**What is needed**
From the first line down to the line containing "An election campaign", print the records below exactly, leaving every picture out.

---------- Records to process ----------

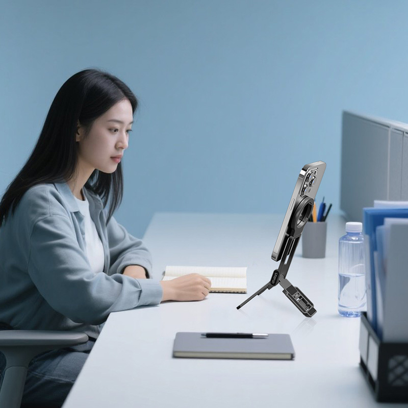 隠しフック設計で、ディスプレイ、椅子背もたれ、ドア枠、手すりなどに掛けられ、瞬時に高角度視点に変身。
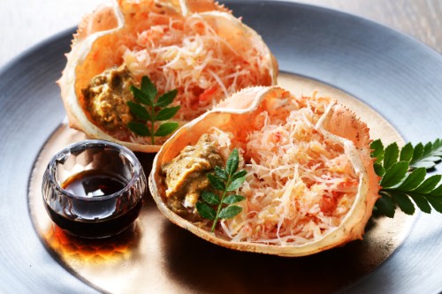 オオズワイ蟹のむき身をたっぷり甲羅に盛り付けました。蟹みそ入りです。
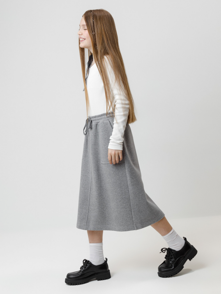 Юбка для девочки из мягкого петельчатого трикотажа. В составе 80% натурального хлопка и 20% полиэстера, при этом полиэстер ввязан внутрь по особой технологии и не соприкасается с кожей. Эластичный пояс на резинке регулируется по ширине с помощью шнурка. По бокам два удобных кармана. Изделие сохраняет цвет и форму после многократных стирок. Все трикотажные полотна производятся в соответствии с нормами швейцарского сертификата ЭкоТекс.
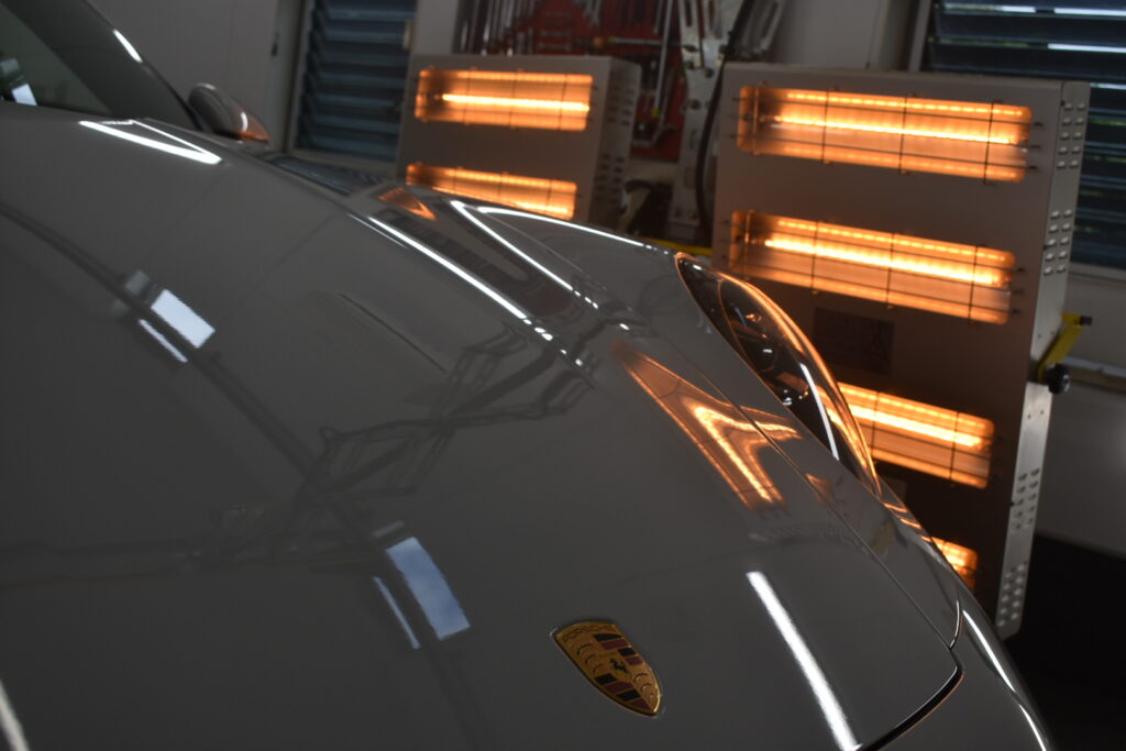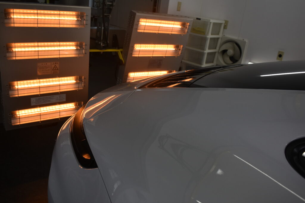 赤外線ヒーターで焼き付けることで、コーティングが塗装に強力に定着をいたしますので、
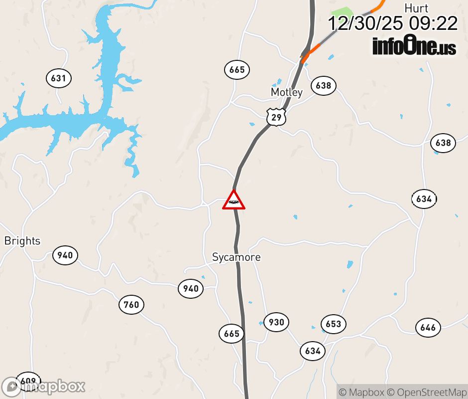 On US-29 South in the County of Pittsylvania, in the vicinity of Dewberry Rd; Rt. 756E/W (Pittsylvania County), motorists can expect delays due to a vehicle crash. Lane closures exist. ![]() |
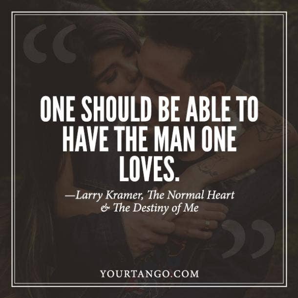 “One should be able to have the man one loves.” — Larry Kramer, The Normal Heart & The Destiny of Me
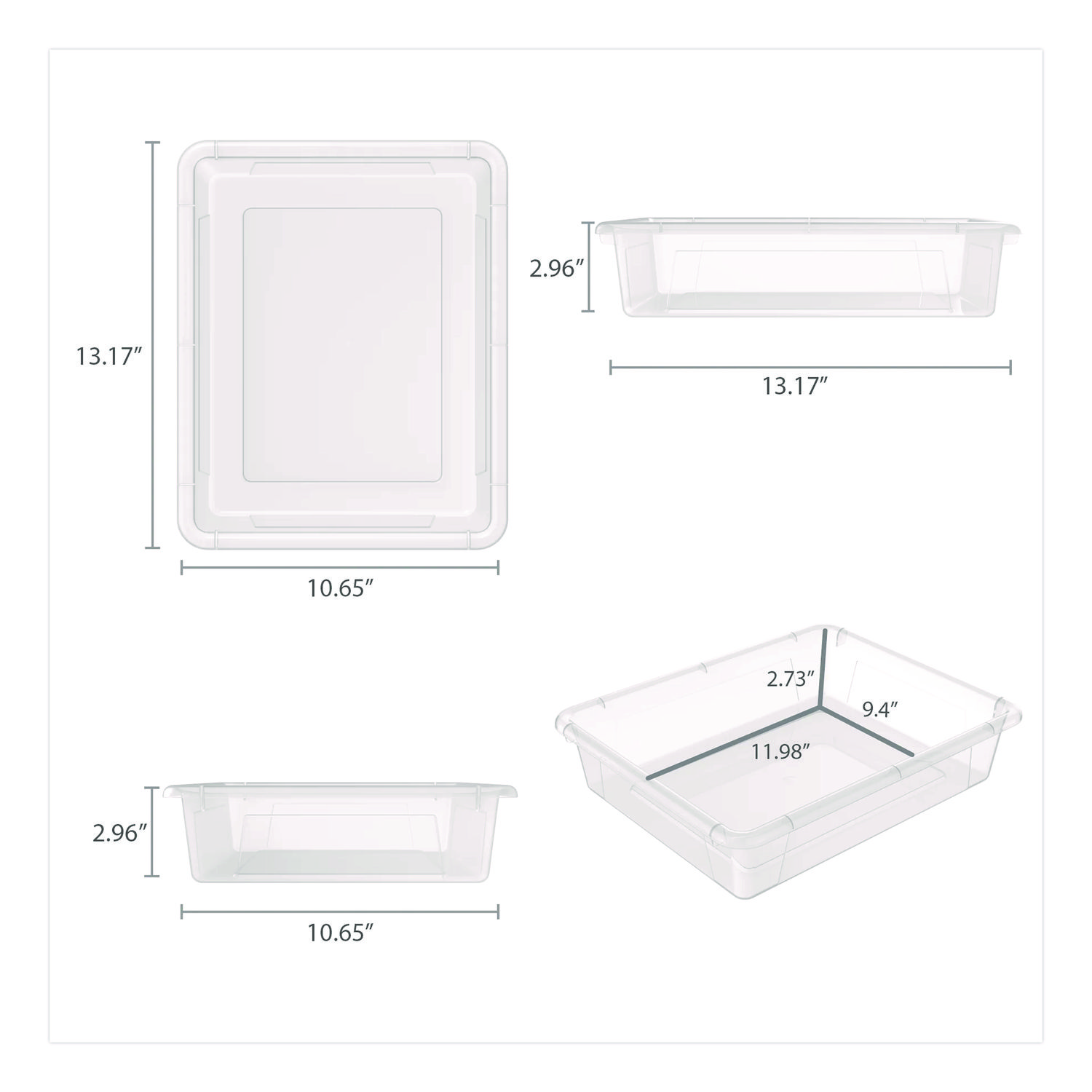 Storage Tray, Flat, 1.69 gal, 10.65″ x 13.17″ x 2.96″, Translucent, 5/Pack
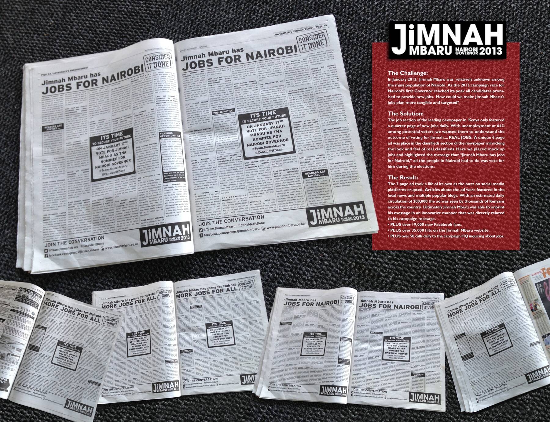 An election campaign in Kenya is a very big event, with months of politicking ahead of the actual election itself. We were approached by one of the key candidates in the race for the governorship of Nairobi to highlight his understanding and concern for the city’s unemployed. The creative approach was allied to an innovative media strategy. We took six full pages in the ‘job vacancy’ section of the city’s leading daily newspaper and filled them with dummy classifieds – all the jobs that the candidate promised to create if he was elected. This had an immediate effect on the electorate and press because this approach was totally new and unexpected. Press coverage and social media hits quickly went of the scale, and added enormous weight to the ad itself.
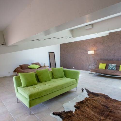 Grimaud, FranciaVilla "Lei Suve", moderna. A 10 km del centro de Grimaud, a 4.5 km del centro de Sainte Maxime, a 12 km del centro de Saint Tropez, area residencial (villas), a 1.4 km del mar. Privado: terreno 1'550 m2 (vallada), jardín en diferentes niveles, cuidado, piscina (12 x 5 m, Disponible por temporada: 01.Ene. - 31.Dic.) con alarma y sistema de limpieza por electrolysis de sal. Ducha exterior, petanca. Acceso empinado durante 30 m. Aparcamiento (para 3 coches) en el mismo terreno. Tienda 4.5 km, playa de arena "Beauvallon" 1.4 km. Campo de golf (18 hoyos) 2 km. "Lei Suve (GRI175)", casa 5 estancias 200 m2 en 2 plantas, orientación sur. Luminoso, con mobiliario moderno y de buen gusto: salón-comedor con chimenea (sólo con función decorativa), mesa de comedor y TV satélite. Salida a la terraza. 1 dorm. con Vestidor con 1 cama de matrimonio (180 cm, 200 cm de longitud), WC separado y baño/ducha. Salida a la terraza. Cocina abierta (horno, lavavajillas, 4 placas de vitrocerámica, tostadora, hervidor de agua eléctrico, microondas, congelador, cafetera eléctrica). Salida a la terraza. Ducha/WC. Planta superior: 1 dorm. con 2 camas (90 cm, 190 cm de longitud). Salida al balcón. 1 dorm. con 1 cama de matrimonio (160 cm, 200 cm de longitud). Salida al balcón. Ducha, WC separado. Calefacción, aire acondicionado. Balcón, 2 terrazas cubierta. Muebles de terraza, tumbonas. Vista panorámica espléndida al mar. El alojamiento dispone de: lavadora, secadora, plancha, trona, cuna. Internet (Wifi, gratis). 83068000566PA
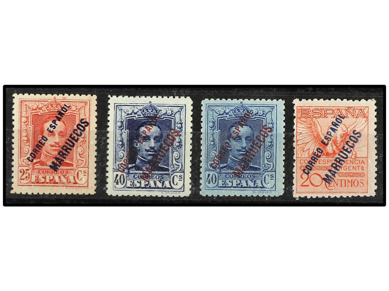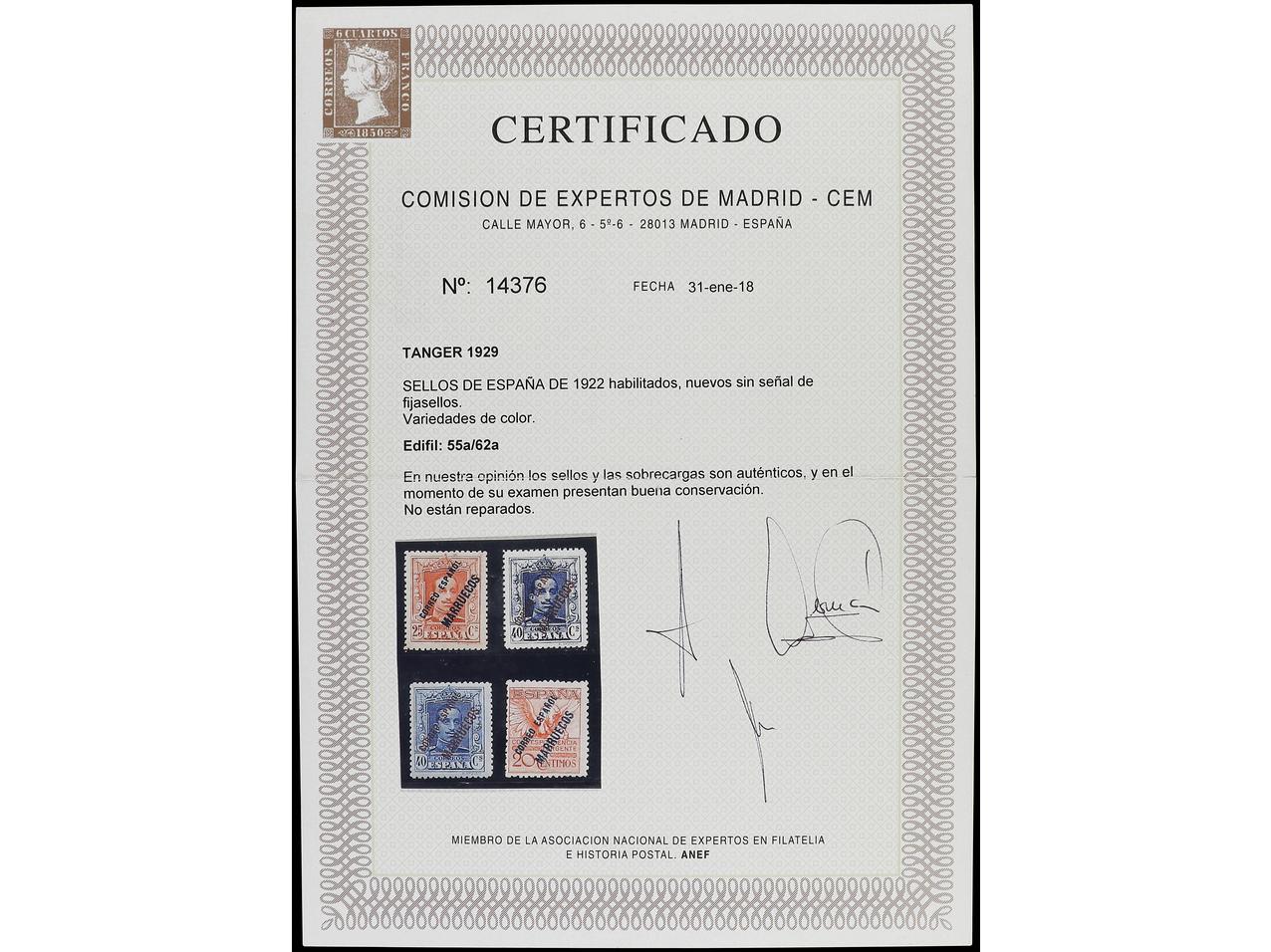 COLONIAS ESPAÑOLAS: TANGER. JUEGO COMPLETO, 4 valores. 25, 40 (2) y 20 c. urgente. VARIEDADES DE COLOR. RARÍSIMOS. Cert.CEM. Ed.55/62a. Cat. +1.362€.

----------

**Exercise response**
 隠しフック設計で、ディスプレイ、椅子背もたれ、ドア枠、手すりなどに掛けられ、瞬時に高角度視点に変身。
 オオズワイ蟹のむき身をたっぷり甲羅に盛り付けました。蟹みそ入りです。
 Юбка для девочки из мягкого петельчатого трикотажа. В составе 80% натурального хлопка и 20% полиэстера, при этом полиэстер ввязан внутрь по особой технологии и не соприкасается с кожей. Эластичный пояс на резинке регулируется по ширине с помощью шнурка. По бокам два удобных кармана. Изделие сохраняет цвет и форму после многократных стирок. Все трикотажные полотна производятся в соответствии с нормами швейцарского сертификата ЭкоТекс.
 赤外線ヒーターで焼き付けることで、コーティングが塗装に強力に定着をいたしますので、
 On US-29 South in the County of Pittsylvania, in the vicinity of Dewberry Rd; Rt. 756E/W (Pittsylvania County), motorists can expect delays due to a vehicle crash. Lane closures exist. ![]() |
 “One should be able to have the man one loves.” — Larry Kramer, The Normal Heart & The Destiny of Me
 Storage Tray, Flat, 1.69 gal, 10.65″ x 13.17″ x 2.96″, Translucent, 5/Pack
 An election campaign in Kenya is a very big event, with months of politicking ahead of the actual election itself. We were approached by one of the key candidates in the race for the governorship of Nairobi to highlight his understanding and concern for the city’s unemployed. The creative approach was allied to an innovative media strategy. We took six full pages in the ‘job vacancy’ section of the city’s leading daily newspaper and filled them with dummy classifieds – all the jobs that the candidate promised to create if he was elected. This had an immediate effect on the electorate and press because this approach was totally new and unexpected. Press coverage and social media hits quickly went of the scale, and added enormous weight to the ad itself.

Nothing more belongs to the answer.